AIブーム継続を確認してひたひたと銅価格が最高値を更新

銅価格が最高値接近 供給懸念根強く、投資マネーが流入

まあ銅価格はこうなるよなあと。

足下でゴールドやシルバーについてはCMEの証拠金連続引き上げ事件以降あまりぱっとしない値動きが続いており、
そういった中で金属系の中では一際強さが目立つのがやはり銅である。

【銅先物のチャート】
タイトルなし

銅については以前のブログ記事にも書いたが、AIブームの中で電力供給やサーバー間接続などで銅が大量に必要であり、中国の不動産バブル崩壊という大きなマイナスを埋めてあまりある需要増加動向になっている。
そのため、かつて経済全体の元気さを示すバロメーターとして見られ、ドクターカッパーと言われていた銅は今度はAIブームが進捗しているかどうかを確認するバロメーターの一つになりつつある。

この銅についてはゴールドやシルバーと同様に、CMEによる先物取引連続証拠金引き上げ事件に巻き込まれたわけであるが、そうはいっても価格上昇幅はゴールド・シルバー・プラチナと比べると非常に低い水準にあった。
これは銅が他3種と違って貯蔵目的のような需要はなく、基本的に産業用途であり、これまでの貴金属バブルとはちょっと距離があった。
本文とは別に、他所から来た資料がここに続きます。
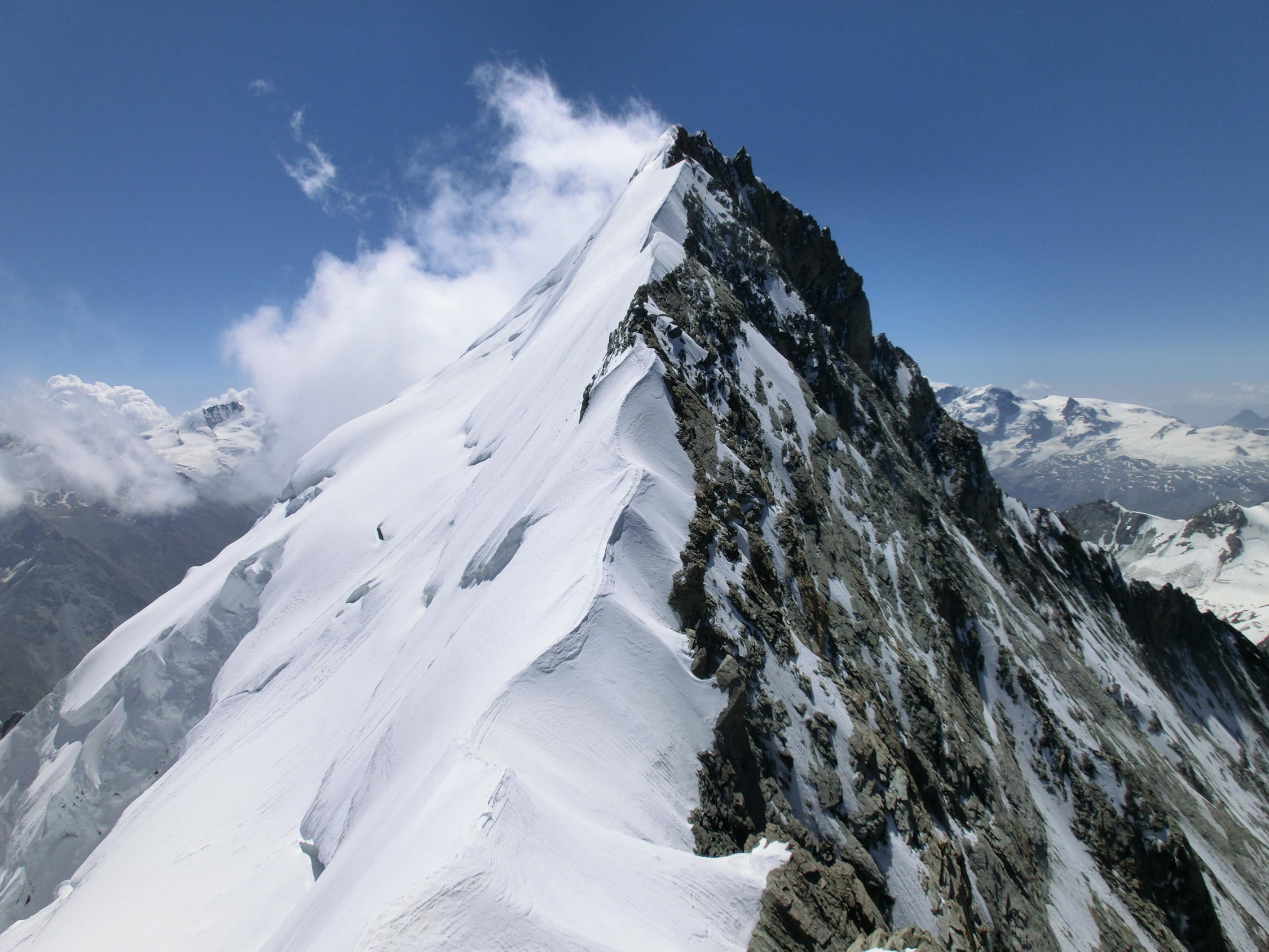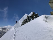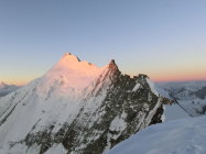 die Bedingungen sind momentan super: Start um 2:30 Uhr mit einem problemlosen Gletscheraufstieg zum Bishorn; der Felsteil des Nordgrates besteht aus trockenen kompakten Fels, bis auf einige wenige Schneefelder dazwischen (wir sind das meiste ohne Steigeisen geklettert); Abseilstellen (2 Stück im Nordgrat) sind gut eingerichtet; der Grand Gendarme ist mit zwei IVer Seillängen zu erklettern; der obere Firngrat hat guten Trittfirn, der Untergrund auf der Westseite war stabiler, auf der Ostseite schon sehr weich; im Prinzip alles Firn, nur selten kommt das Eis durch; im Abstieg (14 Uhr) auf dem Ostgrat schon sehr weicher Schnee, Kletterstellen im Felsteil sehr gut zum abklettern bzw. abseilen; bei der Felsstufe bei P. 3145m ist der unterste Abstieg sehr heikel aufgrund Überspülung der Abkletterstellen durch einen Bach;
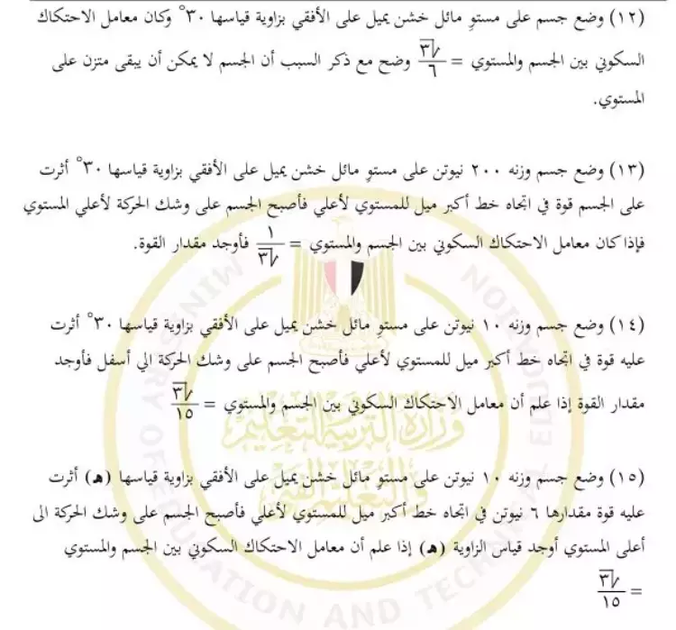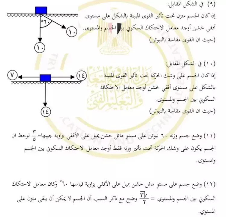 4- وضع جسم وزنه 90 نيوتن على مستو مائل خشن يميل على الأفقي بزاوية جيبها 5 / 13 لوحظ أن الجسم يكون على وشك الحركة تحت تأثير وزنه فقط أوجد معامل الاحتكاك السكني بين الجسم والمستوى.
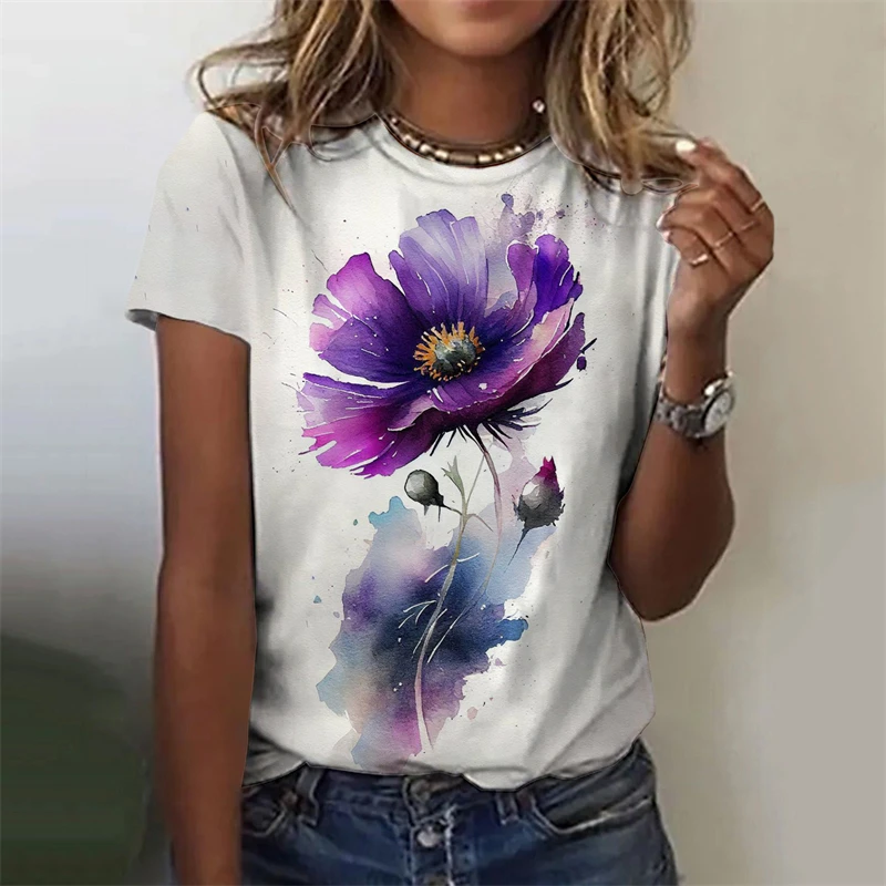 Be the first to review “Women’s T-Shirts Flowers Fashion Print O Neck Short Sleeve Tees O-Neck Personality Women Summer Harajuku Loose Female Clothing”
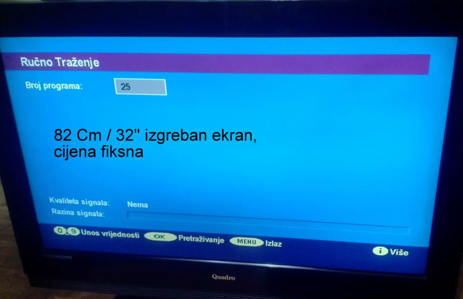 Jedan Quadro na trećoj i četvrtoj slici, dijagonale 82 cm / 32 inča, model: TFT-32KT10, star 10 godina, sve radi, usmena garancija 10 dana, ima SCART i HDMI 2X, original daljinski, ekran IZGREBAN na više mjesta, cijena 40 € FIKSNO - PRODAN oko Božića - možda bi imao nešto slično... i ovaj drugi 22 inča isto za 40 € - detaljno opisan u nastavku oglasa:
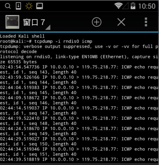 tcpdump监听(默认tcpdump是被精简了的,需要自己上传一个。或者进入kali shell)执行tcpdump -i rndis0 icmp
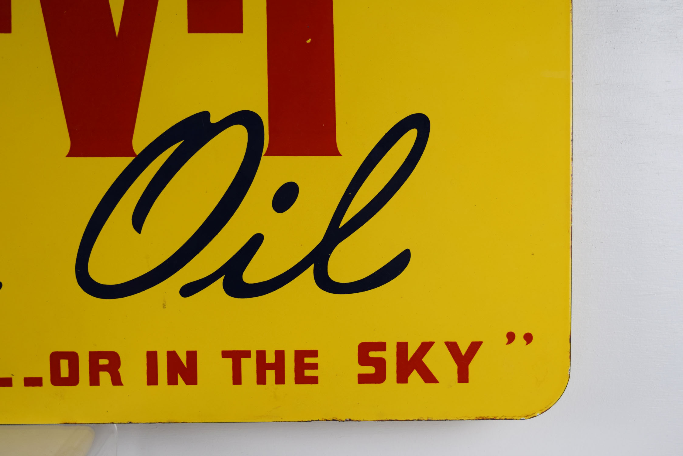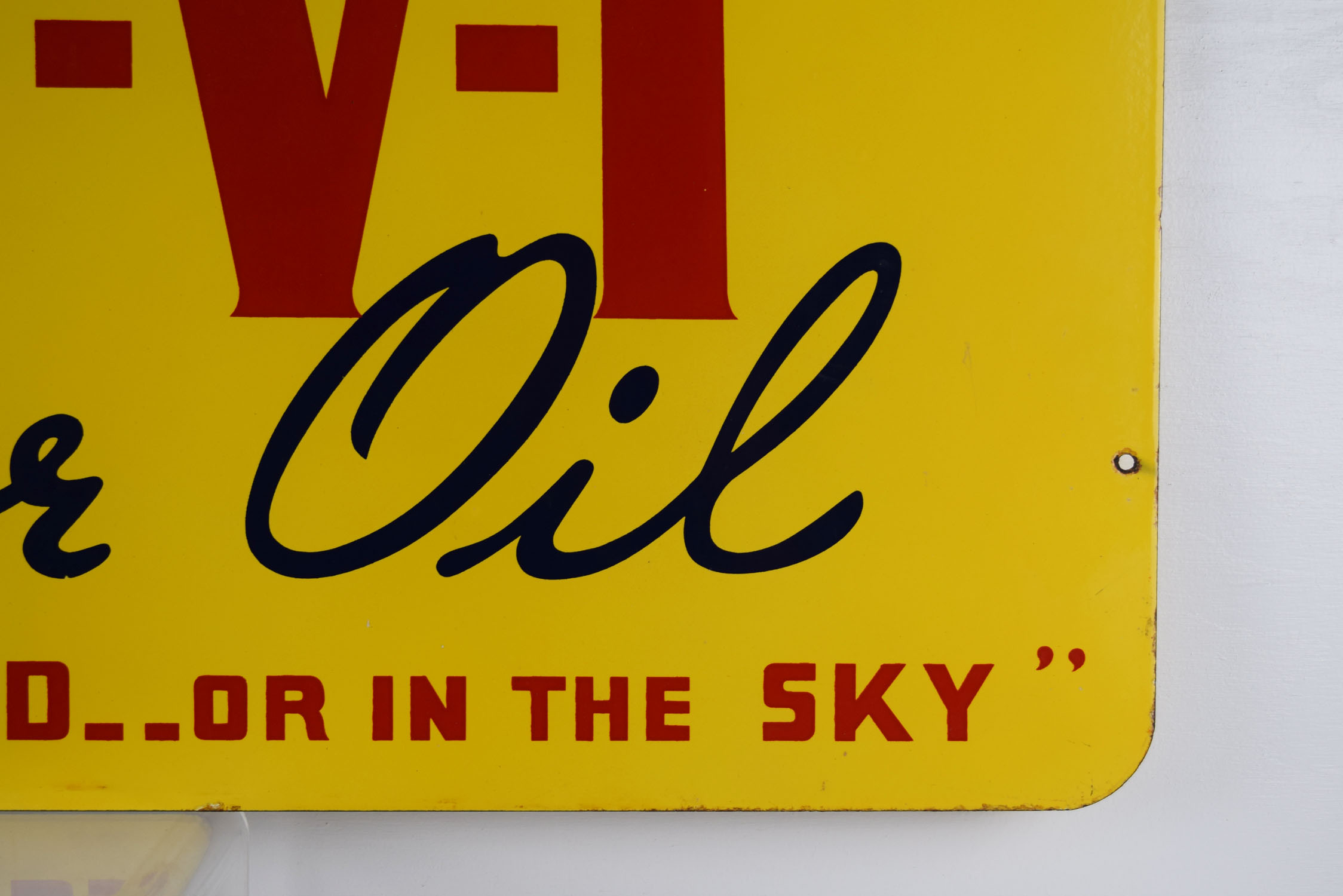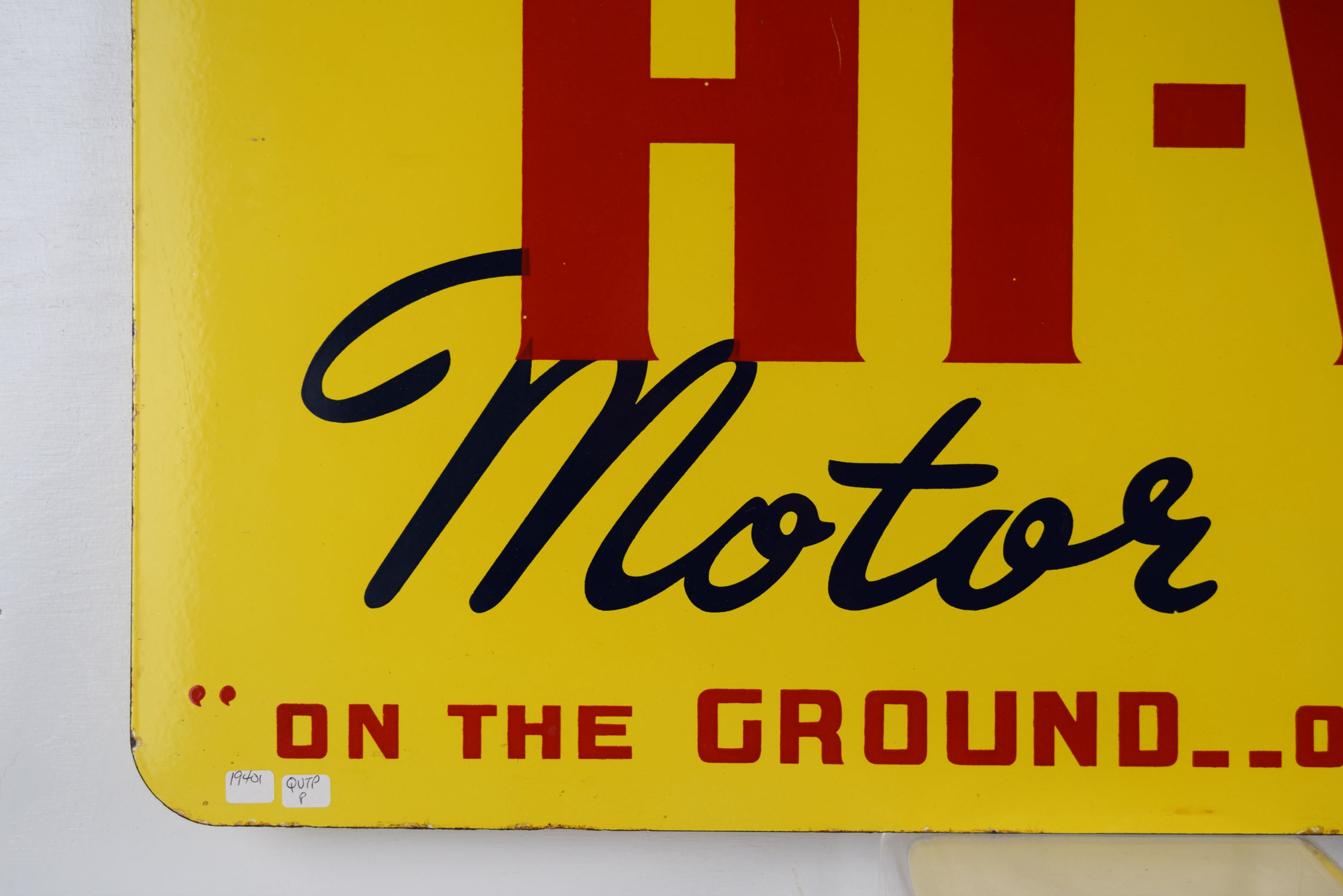 Dating from the 1930’s, this super colorful double sided porcelain sign demanded your attention, and probably got it with these colors! Advertising Champlin HI-V-I Motor Oil, this beautiful sign is hung from the top with a large red bracket, which would have attached to the side of your local service station. Around the outer edge of the rounded corner sign, you can see some small chips in the porcelain, with a few bite marks along the top edge. The center field of the sign just has one small chip in the red “I” on one side. On the other side a small scratch can be seen in the red “H”, along with the same chips on the outer edge. This amazing sign measures thirty-two inches long by twenty inches wide and will make all the other signs in your collection jealous with the beautiful colors on the glossy finish. 19401-QUTP

それでも十把一絡げに先物市場の証拠金連続引き上げから影響を受けざるを得なかった状況であったことに加えて、ホルムズ海峡封鎖によるエネルギー価格高騰で世界各国での金利上昇もあり、これが金属類全般の価格はそれなりに下押しを受ける結果となった。

しかし、下記過去記事の通りにAIブームを観察していくと特段エネルギー価格上昇でもAIブームが止まる気配は見えなかった。

【過去参考記事】
どのようにAIバブルが醸成され、最終的にどうはじけるかのプロセスを考える

そしてホルムズ海峡が封鎖されていてもAI設備投資が止まらなかったことを確認したことから、銅価格は最高値を再度更新する展開になったという判断ができるだろうと思われる。
このように資源全般はAIブームによる需要増加に加えて、リーマンショック以降開発投資抑制されていた効果もあり銅需給は非常に引き締まった状態にあるので、これを見る限りは相場に対しては少なくとも悲観論に傾く必要性はなく、個人的にも原油関連株・銅関連株・金の3つはハイテクほどではないが、個人的にもポートフォリオに組み込んでおり、組み込んだまま様子見するのでOKだろうと思っている。
シルバー・プラチナ・パラジウムは良いかもしれないが、土地勘が全くないことと、一回コールオプションのやらかしで撃たれていることもあり、そちらの判断は個人的にはよくわからないということで投資はちょっと避けている。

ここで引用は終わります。